Все путем вроде…
– Вроде-то вроде, а собаки уже за флажки зашли… Такие вот содержательные разговоры они с Ангелом вели, пока Мальвина в поте лица своего лепила лицо Ильина. И долепила. Бросила коротко:
– Девочки, одежду!
Девочки понесли откуда-то – опять не то из стены, не то из воздуха! – обычную вроде одежонку: костюмчик темно-синий в редкую полоску, рубашечку белую с пластроном, галстучек тоже синий в белый горошек, ботиночки черные. Взяли Ильина под белы руки, поставили, стащили собственную одежду, до трусов разоблачили и начали одевать. Ильину почему-то передался страх Ангела. А почему «почему-то»? Странно было бы, коли б не передался. Ильину хотелось повернуться к зеркалу, но он боялся, да девочки и не позволили бы ему это сделать. Тарталья с Панталоне крепко блокировали его движения, позволяя только шевелить руками-ногами, чтоб Коломбине и Арлекину сподручнее было напяливать на Ильина тесные все же брючата, тесный и коротковатый пиджак, повязывать галстук и застегивать под ним пластрон. А также ботинки зашнуровывать, от чего Ильин со своими сапогами на зипперах давно отвык.
– Ну, вот и все, вот и ладно, – удовлетворенно сказала Мальвина, отойдя на пару шагов и с кистью в руке изучая свое творение. – Хороший человек получился. Удача. Кто увидит – умрет. А кто не умрет – молиться станет.
Девочки отпустили хватку, и Ильин медленно-медленно, нехотя, страшась по-прежнему, оборотился к зеркалу, глянул на себя наконец. И увидел.
И умер.
ВЕРСИЯ
Когда президент Скоков отбыл с выборного госпоста в частный бизнес, разные желтые газетки стали, как водится в России, искать в отставнике всякие червоточинки. Это, повторим, типично российская традиция, и от социального строя она не зависит. Ушел человек от власти – хорошо, если вообще не вычеркнули из памяти народной, школьных учебников и юбилейных речей. Хорошо, если все-таки давали жить и даже заявлять о своем существовании. Но при этом обязательно-поливали разных сортов помоями. Любимая тема – связь с гебе.
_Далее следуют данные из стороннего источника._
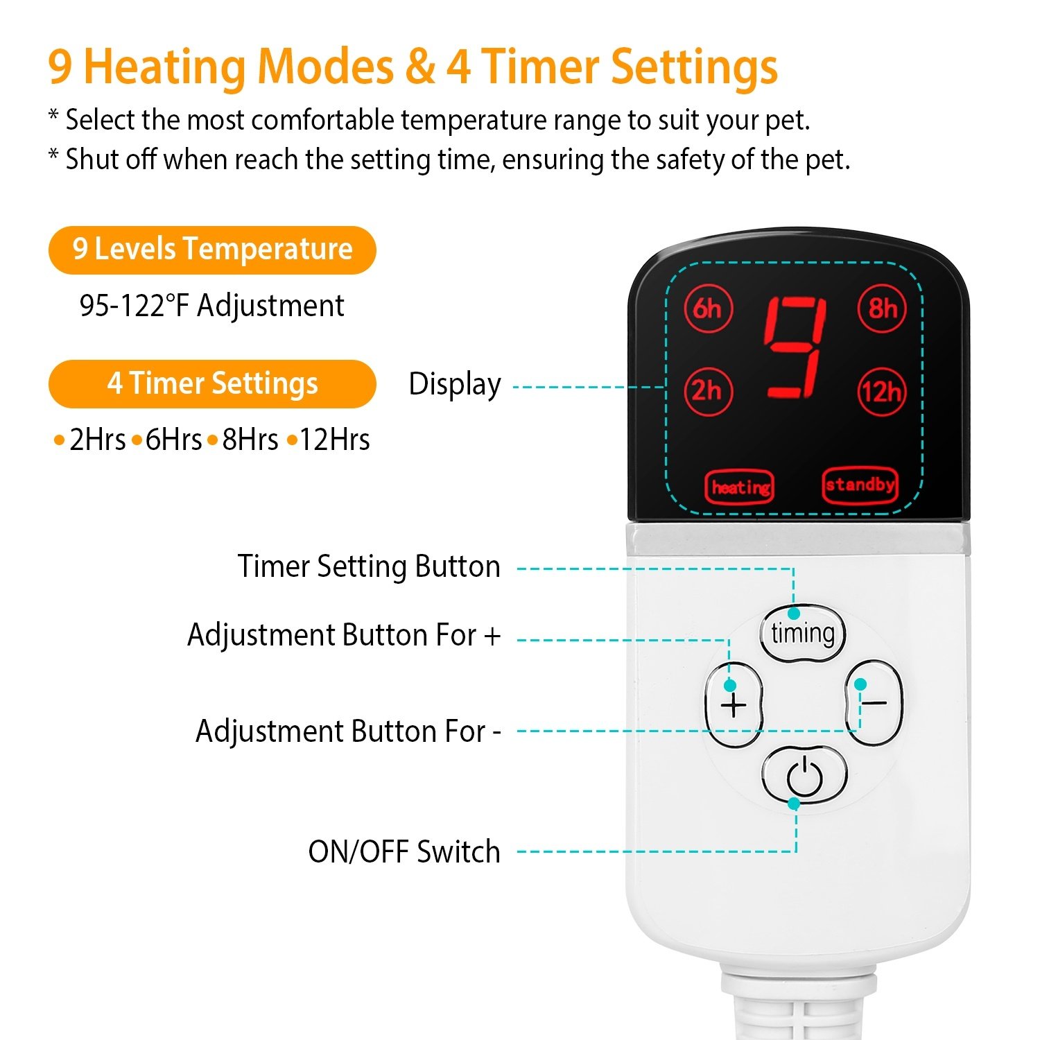 *4 Timer Settings*:Simply press the "Timer" button on the controller to set the time of 2-6-8-12 hours. And it will auto shut off when reach the setting time,ensuring the safety of the pet,conserving energy,and preventing burns caused by excessive heating.
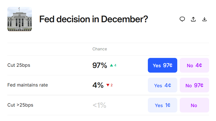 According to traders on Kalshi, the probability of the Fed cutting interest rates by 25 basis points has reached a record high of 97%.
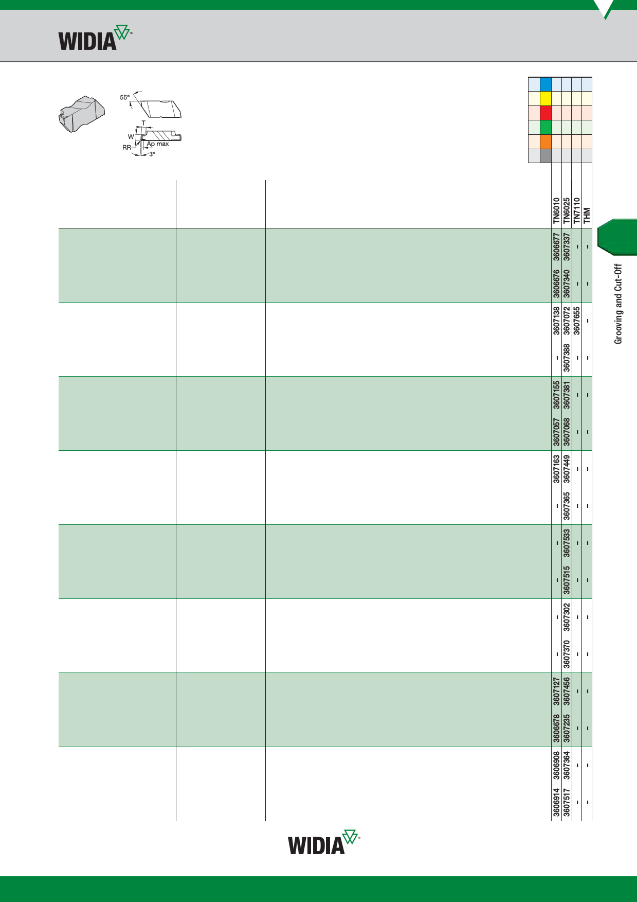 (NG-K • Grooving Inserts with Chip Control — continued)

Странная штука – демократия! Госбезопасность, по сути, проникла во все дырки от всех бубликов, могла любого дернуть за штаны в любой нужный момент, но – демократия! И каждая шавка несла по желанию с любого угла охулки в адрес всесильного ведомства. Гебе, мол, душитель свободы, гебе, мол, растлитель общества, гебе, мол, тайный палач и мракобес… сами продолжайте, автору лень. И ведь правы были! Что ругательного о гебе ни скажи – все верно. Хуже гебе – только эфбеэр, моссад, дээстэ, а также гестапо, тонтон-макуты и красные кхмеры, которые в нынешней жизни Ильина тоже имели место в беспокойной Камбодже. Или гебе хуже всего перечисленного – адекватно. И вот так хаяли, в газетах поливали, а гебе-ведомство молчало и делало свое тайное дело, как слон, который, прав дедушка Крылов, не обращал на Моську никакого внимания.
Или как там на Востоке: шакалы лают, а караван идет…
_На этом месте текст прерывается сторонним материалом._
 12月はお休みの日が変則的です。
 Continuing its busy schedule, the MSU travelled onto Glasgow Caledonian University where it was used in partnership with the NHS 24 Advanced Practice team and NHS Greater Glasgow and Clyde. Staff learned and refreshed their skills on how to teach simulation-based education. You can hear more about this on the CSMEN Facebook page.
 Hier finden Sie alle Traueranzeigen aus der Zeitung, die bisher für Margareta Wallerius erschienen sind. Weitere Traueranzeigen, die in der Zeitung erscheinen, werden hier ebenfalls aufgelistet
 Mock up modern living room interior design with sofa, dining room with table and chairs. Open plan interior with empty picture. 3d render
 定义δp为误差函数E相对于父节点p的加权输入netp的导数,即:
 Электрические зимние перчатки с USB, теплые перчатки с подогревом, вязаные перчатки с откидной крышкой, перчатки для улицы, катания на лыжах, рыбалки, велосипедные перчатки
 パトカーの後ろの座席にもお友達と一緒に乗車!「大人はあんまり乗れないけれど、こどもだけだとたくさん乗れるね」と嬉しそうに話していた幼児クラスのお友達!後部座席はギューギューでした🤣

То есть, конечно, принимались конкретно-конституционные меры к конкретным шавкам, если те начинали захлебываться демократией. Ну, морду били. Ну, авто взрывали. Ну, кислород перекрывали – в смысле работы. Пугали. А если кто не пугался, того ненавязчиво в психушку сажали – это уж чисто русское изобретение, оно, заметим, в прежней жизни Ильина тоже после войны особенно развилось… А чаще пугались демократы, хватало превентивных мер.
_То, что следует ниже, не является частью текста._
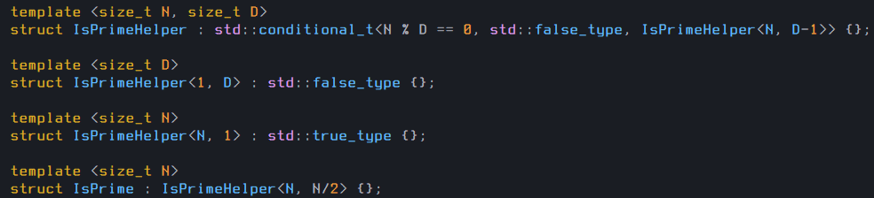 std::true_type - метафункция, в которой написано static const bool value = true std::false_type - метафункция, в которой написано static const bool value = false чтоби каждый раз не писать такое для метафункций, можно просто наследоваться от true_type или false_type и автоматически будет такое поле std::integral_constant<type, value> - метафункция, в которой написано static const type::value = value std::rank - рекурсивная шаблонная подстановка, которая возвращает размерность массива, а для немассивов - 0
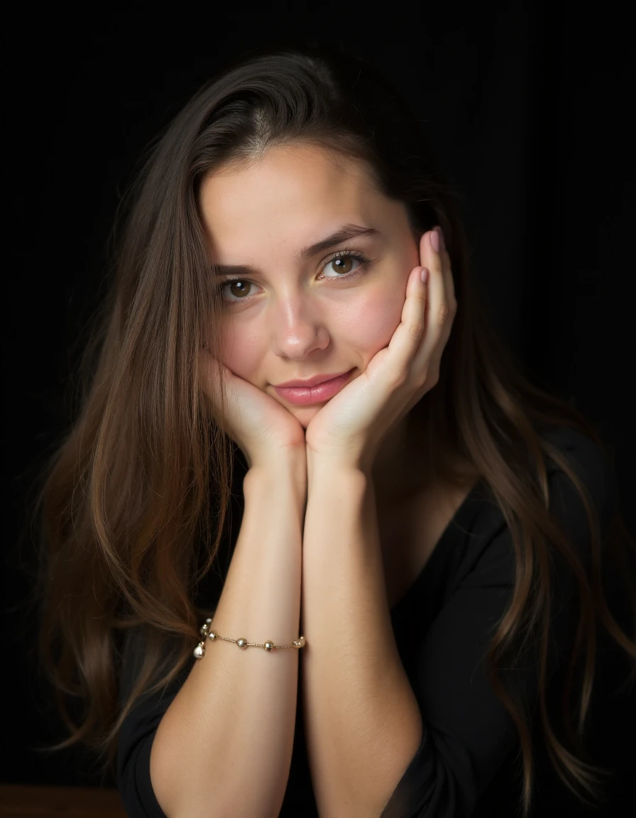 A [young] woman with [long, wavy brunette hair] rests her head on her clasped hands, she is looking in the camera. She is dressed in [a black top] and wears [a delicate bracelet on her left wrist] . Her expression is [gentle and thoughtful] , enhanced by [natural makeup and a hint of pink lipstick] . The background is [dark and blurred] , drawing attention to [her face and hands] .
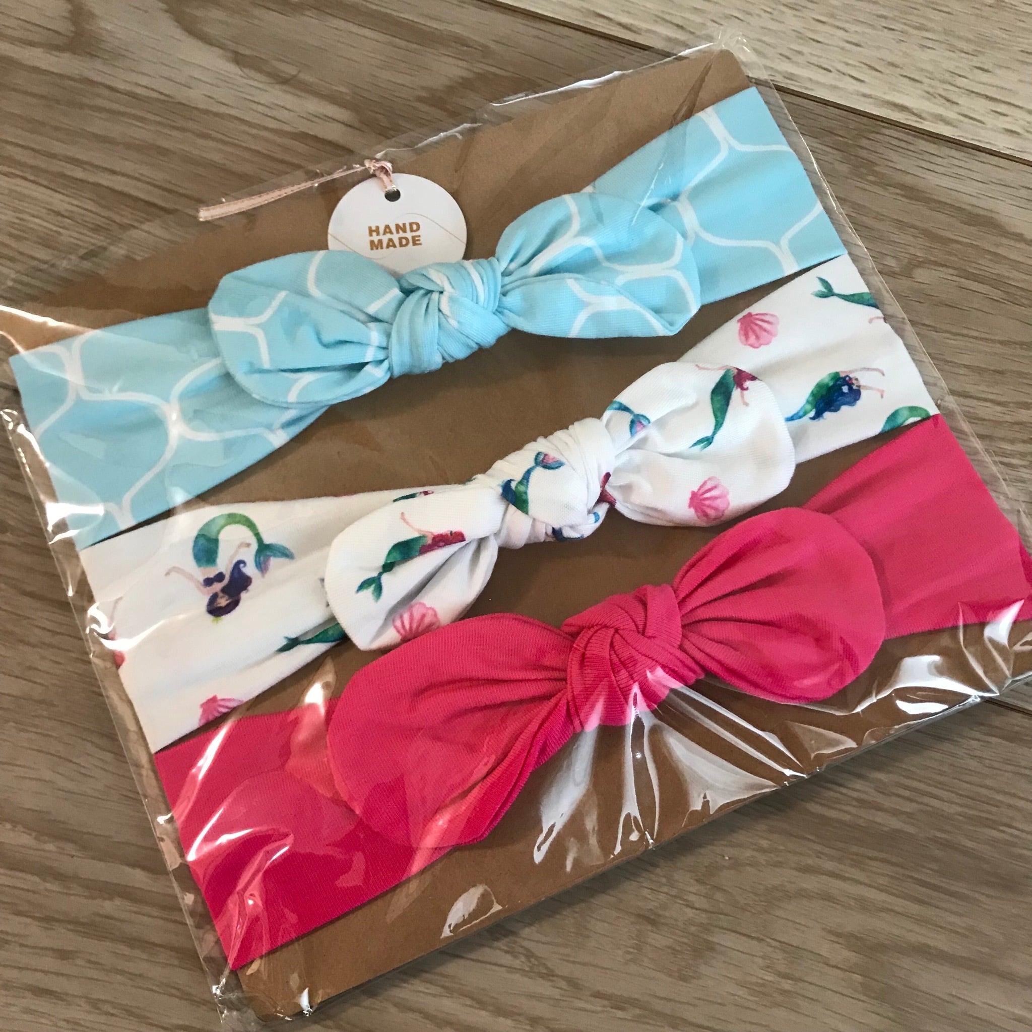 赤ちゃんベビーヘアバンド 水色×ピンク♡マーメイド柄リボン 3点セット

Но на место пуганых вставали непуганые. Так и делилась Россия – на пуганых и непуганых демократов, но деление это не мешало ни демократии, ни гебе. Гебе охраняло демократию, ее, слабенькую, всегда положено охранять – от коммунистов, от фашистов, от анархистов, от террористов, от прочих «истов» – легион им имя на смешной планете Земля. Ну, и от демократов, конечно. От демократов – в первую очередь, они, ретивые, суть гибель любой демократии.
Гебе, как и все его братские конторы в иных странах смешной планеты, вербовало себе сторонников и помощников в разных слоях народонаселения, не афишируя, впрочем, деятельность тех, кого само звало внештатными секретными сотрудниками. Каждый штатный секретный нарывал себе побольше внештатных, чтоб, значит, информация о врагах демократии текла непрерывным потоком. И каждый внештатный, впуская свою струйку в этот поток, ощущал себя истовым защитником демократии. И, не исключено, таковым и являлся. Ибо кто определил – как эту хлебаную демократию защищать? Права она или не права, но это – моя страна, говаривал писатель – апологет британской мощи. В прежней жизни Ильина в душевной песне утверждалось: «Когда страна быть прикажет (вот такая инверсия!) героем, у нас героем становится любой!» Так было. И вот вам другая совсем страна, и вот вам другая совсем демократия, а героев кругом – видимо-невидимо, и тех, что невидимы, много больше.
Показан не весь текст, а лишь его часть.